Theoretical description in quantum mechanics

Parity operator and eigenvalues

In quantum mechanics the state of a physical system is described consisting of a particle in the simplest case by a wave function. This is a function. The behavior of such wave functions of the parity transformation is described by an operator or transformation parity parity operator called which assigns each wave function, the wave function in the corresponding mirrored coordinate system. Defined by the equation

For Dirac wave functions of the parity operator is not only a spatial reflection of the wave function. There shall be additional transformation in the 4th dimensional Dirac space, which is caused by multiplication by the Dirac matrix:

The parity operator has a simple mathematical properties:

• Linearity
• There is an involution (mathematics): Twofold application again obtained the initial wave function, thus is invertible and.
• The operator receives the norm; is as linear and invertible, a unitary operator, as in the symmetry transformations in quantum physics is common.
• Due to the unitarity is equal to its adjoint, thus is self-adjoint.

As a self-adjoint operator has only real eigenvalues ​​and can be understood as having observable. But there is no direct classical counterpart from which it arises (eg via a functional calculus ) for this observable. Since the parity operator is unitary, have all its eigenvalues ​​amount. Thus has a maximum of the eigenvalues ​​, and also referred to as parity quantum number. The eigenfunctions corresponding to the eigenvalue satisfy the equation and thus belong to the straight (also symmetric ) functions ( such as a bell curve ). For eigenvalue are odd ( also: skew-symmetric ) wave functions, because it is. Each state can be uniquely as the sum of an eigenstate with eigenvalue and a represent the eigenvalue, that is, in a straight and disassemble an odd part is how easily recalculate and also follows from the spectral theorem.

For Mehrteilchensysteme the parity operator is first defined analogously for the space of each individual particle, and then continued on the tensor product of the spaces:

Algebraically can the parity operator also by the transformation behavior of the components of the position operator characterize:

Or in other words:

So the parity operator antivertauscht with the position operator:

The same applies for the components of the momentum operator

Conservation of parity and parity violation

Conservation of parity is ensured if the Hamiltonian commutes with the parity operator. As a result, a once present parity eigenvalue for all time remains. Furthermore, there's about a common complete system of eigenstates and, with the consequence that, except for random possible exceptions in the case of degeneracy of energy, all energy eigenstates have a well-defined parity.

Due to the observed parity violation of the Hamiltonian must contain a non- interchangeable with the parity operator term. Thus it follows that there are processes in which the initial parity is not conserved, and that, strictly speaking, the energy eigenstates are superpositions of two states of opposite parity.
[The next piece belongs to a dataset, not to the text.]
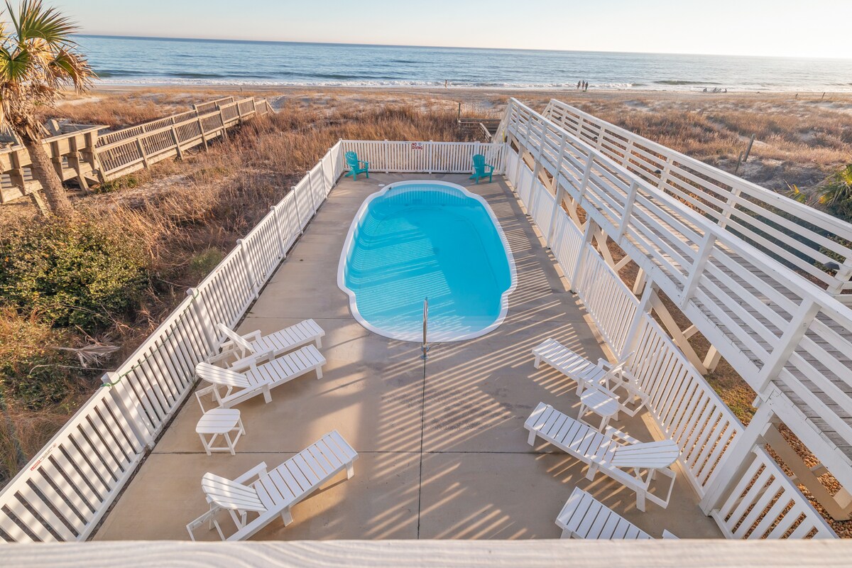 Oceanfront luxury in Dolphin Ridge! Dolphin Watch is a newly renovated 7BR, 4.5BA home that sleeps 28. Enjoy a private pool, hot tub, and outdoor shower with hot & cold water. The spacious master suite features its own hot tub and walk-in shower. With 4 king rooms, a double queen room, and two bunk rooms, there’s space for everyone. Perfect for large families, reunions, or group getaways—steps from the sand and stunning ocean views!

Since this parity-violating term is found only in the weak interaction, the actual observable effects are usually minor, although theoretically significant.

Other dimensions

Considering physical theories other than three dimensions, it should be noted that, in a reversal of even dimension of space coordinates of all no more than one rotation (the determinant ). Therefore, we define for general dimension number parity transformation as the reverse of a coordinate and the procedure is otherwise analogous. This one has the practical disadvantage that it is not possible to respect independent of the system to define a solid matrix such as a parity transformation.